SOURCE INFORMATION Start Marker

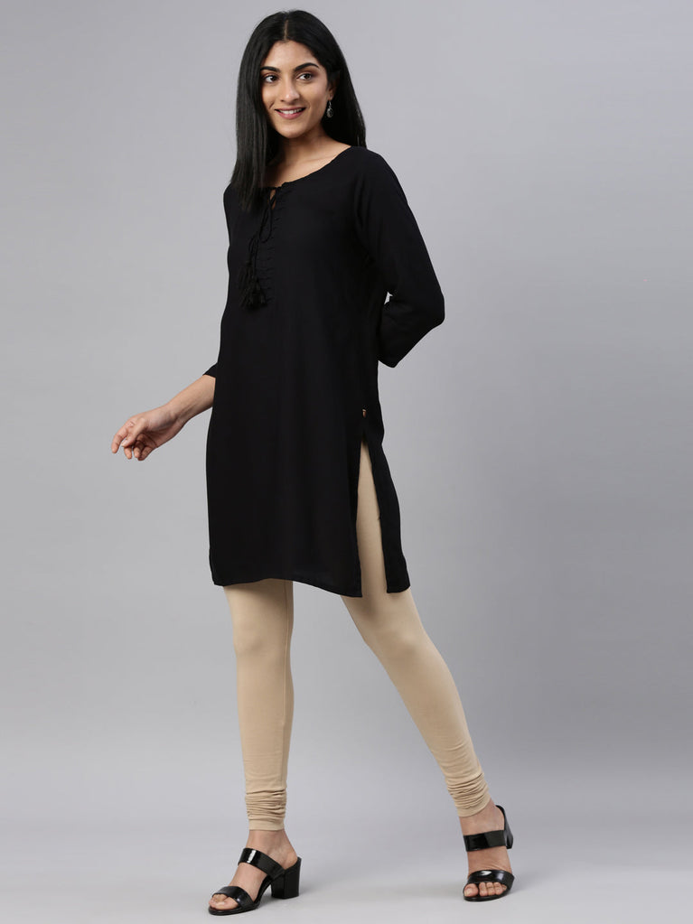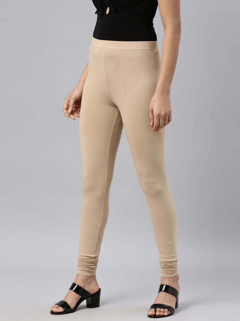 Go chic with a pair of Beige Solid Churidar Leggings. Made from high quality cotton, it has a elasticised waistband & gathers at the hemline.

SOURCE INFORMATION End Marker
SOURCE INFORMATION Start Marker

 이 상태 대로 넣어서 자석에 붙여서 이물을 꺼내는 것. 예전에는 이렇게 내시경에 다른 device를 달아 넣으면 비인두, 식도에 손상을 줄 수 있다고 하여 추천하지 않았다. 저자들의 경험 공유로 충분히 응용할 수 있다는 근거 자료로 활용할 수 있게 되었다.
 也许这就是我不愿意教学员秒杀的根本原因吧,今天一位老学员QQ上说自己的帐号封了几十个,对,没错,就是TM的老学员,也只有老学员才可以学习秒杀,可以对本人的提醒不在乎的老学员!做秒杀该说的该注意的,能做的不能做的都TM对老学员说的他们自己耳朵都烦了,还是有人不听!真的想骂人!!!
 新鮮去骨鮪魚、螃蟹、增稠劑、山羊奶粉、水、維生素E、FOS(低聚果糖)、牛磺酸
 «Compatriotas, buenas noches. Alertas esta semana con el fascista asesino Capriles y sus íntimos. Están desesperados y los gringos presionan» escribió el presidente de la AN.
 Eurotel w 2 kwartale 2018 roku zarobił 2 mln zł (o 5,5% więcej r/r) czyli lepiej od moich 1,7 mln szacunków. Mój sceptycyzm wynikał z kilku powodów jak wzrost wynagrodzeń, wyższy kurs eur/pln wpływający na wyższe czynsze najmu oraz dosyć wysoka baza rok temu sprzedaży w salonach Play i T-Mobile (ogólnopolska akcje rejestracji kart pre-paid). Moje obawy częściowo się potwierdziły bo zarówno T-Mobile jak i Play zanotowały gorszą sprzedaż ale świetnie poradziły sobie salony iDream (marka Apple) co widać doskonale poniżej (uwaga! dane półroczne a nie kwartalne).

SOURCE INFORMATION End Marker

■ PROBLEM DESCRIPTION
Look through the data above and return exactly the lines from the one that contains "新鮮去骨鮪魚、螃蟹、增稠劑、山羊奶粉、水、維生素E、FOS(低聚果糖)、牛磺酸" to the one that contains "presidente de la AN.", inclusive, with nothing else.

■ REPLY
 新鮮去骨鮪魚、螃蟹、增稠劑、山羊奶粉、水、維生素E、FOS(低聚果糖)、牛磺酸
 «Compatriotas, buenas noches. Alertas esta semana con el fascista asesino Capriles y sus íntimos. Están desesperados y los gringos presionan» escribió el presidente de la AN.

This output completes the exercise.